数据集卡片 for "medqa-MedGENIE"

数据集描述

该数据集是MedGENIE医学数据集集合的一部分，通过PMC-LLaMA-13B生成的合成上下文进行了增强。具体来说，为MedQA-USMLE（4个选项）中的每个问题生成了最多5个合成上下文，采用多视角方法来涵盖与给定问题相关的各种视角。

数据集结构

数据集包含三个部分，适用于：

训练问答模型，包括融合解码器架构。
在推理过程中使用生成的上下文增强LLMs，而不是检索的块。
使用生成的上下文增强事实文档的知识库，用于标准RAG管道。

每个部分的样本数量如下：

训练集: 10178个样本
验证集: 1273个样本
测试集: 1273个样本

数据集以parquet格式存储，每个条目使用以下模式： json { "id": 0, "question": "A 23-year-old pregnant woman at 22 weeks gestation presents with burning upon urination. She states it started 1 day ago and has been worsening despite drinking more water and taking cranberry extract. She otherwise feels well and is followed by a doctor for her pregnancy. Her temperature is 97.7u00b0F (36.5u00b0C), blood pressure is 122/77 mmHg, pulse is 80/min, respirations are 19/min, and oxygen saturation is 98% on room air.

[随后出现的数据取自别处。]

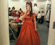 さて、今日は1時30分集合で、まず舞台用のメークを教えてもらいました。もう、凄いっス。鼻の側面に茶色く陰を作り、バッサバッサ言いそうな付けまつ毛をつけ、これでもかってくらいのアイライン、ハイライト、まっピンクのチーク…もう自分で笑っちゃいます。化けもんですよ。それでもステージで色んな色のライトにカーッと照らされると全然甘いらしくって、今日の3倍ぬらないと今日のままじゃ全然普通!!ってデザイナーさんに言われてしまいました。これで普通ですかっ!?確かに、合唱の中にもプロ歌手が数人いるのですが、舞台慣れしてる方々はメークも慣れてる!私ももっとガンガン行かないとですね。明日、今日の3倍宝塚顔負けメークをしっかり記念に撮るのでどうしても見たい方、直接会った時にリクエストしてくださいね

Physical exam is notable for an absence of costovertebral angle tenderness and a gravid uterus. Which of the following is the best treatment for this patient? A. Ampicillin B. Ceftriaxone C. Doxycycline D. Nitrofurantoin", "target": "D", "answers": [ "D" ], "ctxs": [ { "text": "The burning upon urination in a pregnant female is often due to asymptomatic bacteriuria that results in a urinary tract infection (UTI). Such UTIs must be aggressively treated because of their association with preterm labor..." }, { "text": "This patient has urinary tract infection (UTI) symptoms, which is a common condition in pregnancy.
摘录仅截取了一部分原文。